Dolphins Hall of Famer Nick Buoniconti: NFL 'waiting for us to die'

Miami Dolphins Hall of Famer Nick Buoniconti has gone public with his health issues for the first time, explaining to Sports Illustrated that he feels "lost" and "like a child."

The 76-year-old former linebacker, one of the leaders of the Dolphins' undefeated 1972 Super Bowl championship team, suffers from memory loss, cannot use his left hand and struggles to put on a shirt, among other ailments.

Buoniconti would not say he suffers from CTE, according to the report, but his doctors have confirmed there are brain issues that might be linked to playing 14 years of professional football.

His story is expected to bring more attention to the NFL's longstanding battle with former players concerning head trauma and its potential effects from playing football.

"We're the players who have built the game, but have been forgotten," Buoniconti told Sports Illustrated in an article published Tuesday. "The [concussion] settlement is a joke; the way it is structured is a joke. They are waiting for us to die. They're going to play the clock until everybody dies."

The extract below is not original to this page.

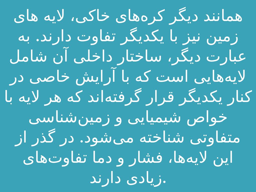 همانند دیگر کرههای خاکی، لایه های زمین نیز با یکدیگر تفاوت دارند. به عبارت دیگر، ساختار داخلی آن شامل لایههایی است که با آرایش خاصی در کنار یکدیگر قرار گرفتهاند که هر لایه با خواص شیمیایی و زمینشناسی متفاوتی شناخته میشود. در گذر از این لایهها، فشار و دما تفاوتهای زیادی دارند.

The article detailed one instance when Buoniconti fell backward down a flight of stairs, which caused him to bleed, and told his wife, "I should just kill myself! It doesn't matter!"

According to his son Marc, who was paralyzed while playing football, Buoniconti is "frustrated" and "depressed."

The Hall of Famer estimates that he took about 520,000 blows to the head while playing football. MRIs over the past two years have revealed brain shrinkage, according to the report.

Nick Buoniconti played seven years for the Dolphins and was an eight-time Pro Bowler and two-time Super Bowl champion. He also played seven years for the Boston Patriots and had a successful post-football career in broadcasting and business.

After his son's 1985 injury, Buoniconti was a driving force behind the Miami Project to Cure Paralysis, raising hundreds of millions of dollars for research.

At age 55, Buoniconti said he felt normal. But 21 years later, that is no longer the case.

"I didn't have any idea the price would be this debilitating," Buoniconti told Sports Illustrated. "Had I known, would I have played? I had no alternative; there was no other way for me to get a college education.

"Football kept rewarding me -- I can't deny that. But I'm paying the price. Everybody pays the piper."